The Edge of the Field

Brooding white sentinels stand in a blood-red mound, where their fallen comrades lie in decay. I can almost imagine wolves appearing from the birch forest to crest the mound, silvery phantoms with abysmally black eyes, soulless and hungry, tracking my progress through the field. They are nothing more than a mirage of the fog, I know, for there is no beast bigger than a coyote on the island, but still I cannot help but watch the gloomy depths.

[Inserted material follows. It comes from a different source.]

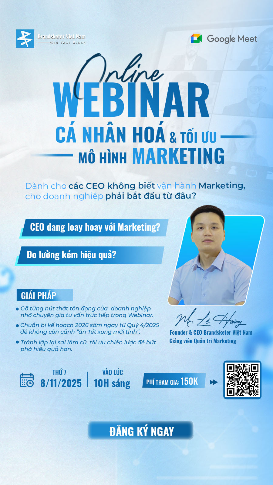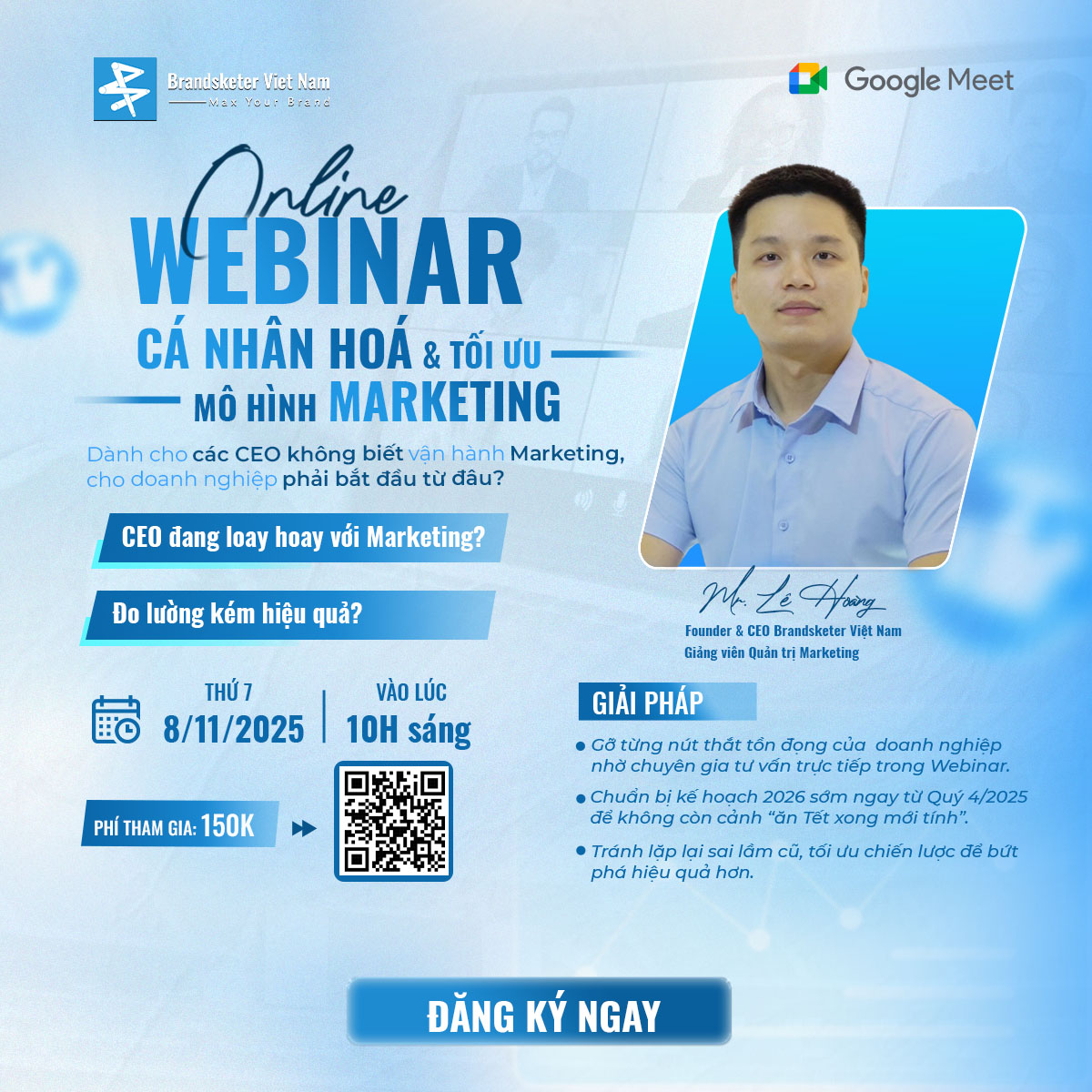 Trong Webinar ngày 08/11/2025, các chuyên gia từ Brandsketer sẽ giúp anh/chị CEO và chủ doanh nghiệp:

If I make it past the sentinels (as I always do), there is a stump waiting for me at the edge of the field. This stump happens to be perfectly positioned between the trees, with a panorama I think God created with me in mind. Yes, I think as He seeded the earth with the forest that now grows at the bottom of the sweeping potato field, He thought, “Ah, she will like this, my little one to be. I’d better plan to have a stump where she can sit and pray and love what I’ve given her.”

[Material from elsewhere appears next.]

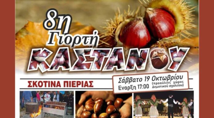 Του Περικλή Χατζηγιάννη, Για όγδοη χρονιά η Πνευματική Κίνηση Σκοτίνας διοργάνωσε τη γιορτή του κάστανου (Σάββατο 19-10-2024) στην ομώνυμη δημοτική κοινότητα του Δήμου Δίου-Ολύμπου, σε...

I listen to the birds. I study the distant, lonely tree that looks as if sheep belong beneath it. I plan to enjoy a summertime picnic out there by the creek that surely gushes in the coulee. I watch light and shadow chase each other across the red dirt. My heart is full, even when my head is empty.

It is my getaway. My place to be quiet with my King, or to speak with Him as candidly as I do with my beloved. Most often, gratitude is the song on my lips. I thank Him for beauty, for goodness, for love. I give Him my heart, there on the edge of the field, and He gives me His. I know that when I open myself to Him, I am not opening myself to be wounded, but to be filled with His love.

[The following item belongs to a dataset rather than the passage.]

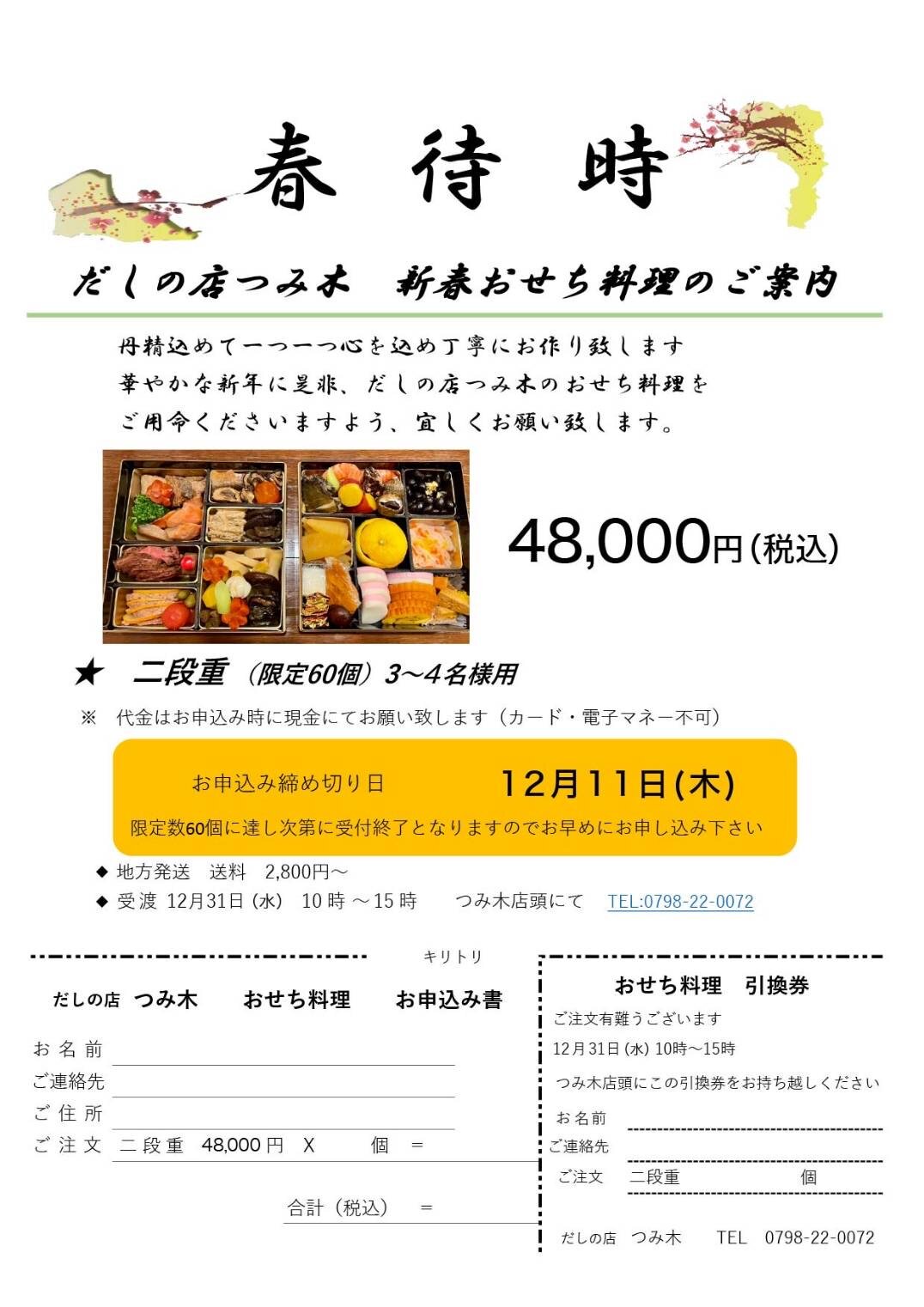 - 電話する:0798-22-0072(「おせち予約の件」と伝えてください)

This vulnerability is as necessary between God and us as it is between human and human. To love and to be loved fully, we must be vulnerable. Opening yourself is a risk, but it is a necessary risk, if love is to enter and fill you. I’ve known the gift of vulnerability with several people, beginning with my family. We are separated by nearly the entire breadth of the country, and yet we share a bond that few families do—because we’ve given our hearts to each other. At a thought, a teardrop, a memory, the distance breaks down, and suddenly we are close.

Everyone ought to have a stump where they can sit on the edge of a field and rendezvous with God. But if this is not possible, know that love does not need a time and a place, only an open heart.